## Problem requirements
Print the whole listing below exactly, skipping every picture.

## Source material
----------------

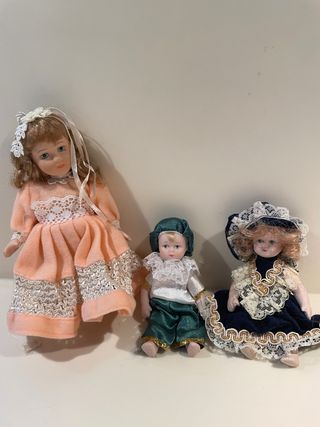 Bellissime bambole di porcellana, perfette per collezionisti o amanti del vintage. - Tre bambole in stile vintage. - Realizzate in porcellana. - Abiti molto curati nei dettagli. - Ottime condizioni.
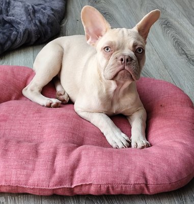 Elle est d’une douceur incroyable. Très câline, toujours en demande d’amour, elle adore être près de ses humains. Elle est propre, calme, sort uniquement pour ses besoins et reste principalement chien d’intérieur. Elle a eu une portée l’été dernier et n’est pas opérée.
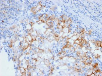 Fig.1: Formalin-fixed, paraffin-embedded human Renal Cell Carcinoma stained with Cadherin 16 Mouse Monoclonal Antibody (CDH16/2448).
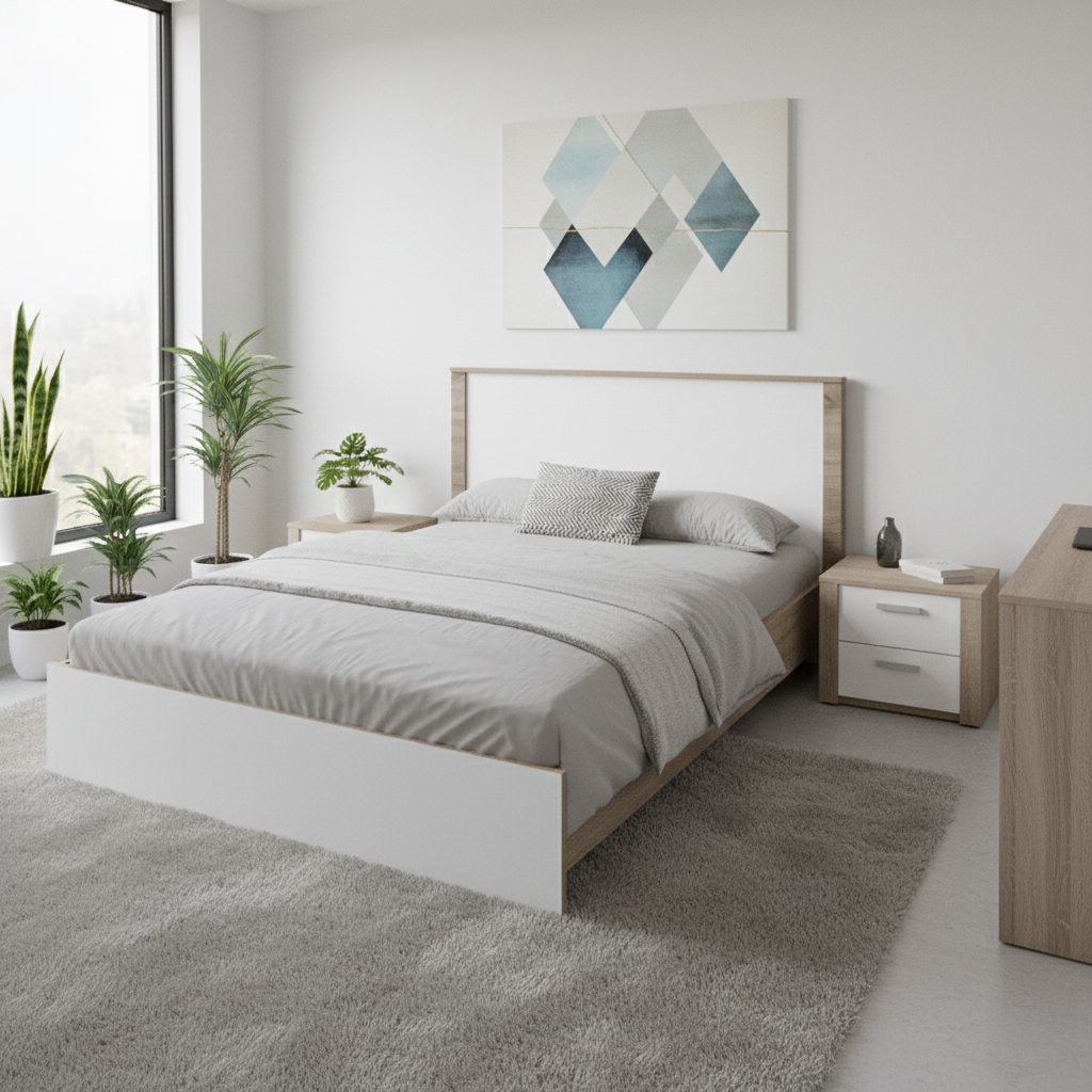 Κρεβάτι Athos pakoworld σε sonoma-λευκή απόχρωση 140×200εκ
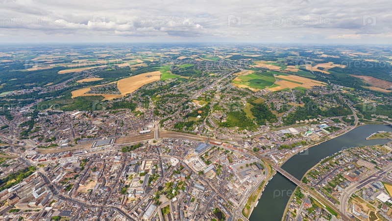 Намур, Бельгия.Панорама города.Летний день, облачная погода.Вид с воздуха

----------------

## Answer section
 Bellissime bambole di porcellana, perfette per collezionisti o amanti del vintage. - Tre bambole in stile vintage. - Realizzate in porcellana. - Abiti molto curati nei dettagli. - Ottime condizioni.
 Elle est d’une douceur incroyable. Très câline, toujours en demande d’amour, elle adore être près de ses humains. Elle est propre, calme, sort uniquement pour ses besoins et reste principalement chien d’intérieur. Elle a eu une portée l’été dernier et n’est pas opérée.
 Fig.1: Formalin-fixed, paraffin-embedded human Renal Cell Carcinoma stained with Cadherin 16 Mouse Monoclonal Antibody (CDH16/2448).
 Κρεβάτι Athos pakoworld σε sonoma-λευκή απόχρωση 140×200εκ
 Намур, Бельгия.Панорама города.Летний день, облачная погода.Вид с воздуха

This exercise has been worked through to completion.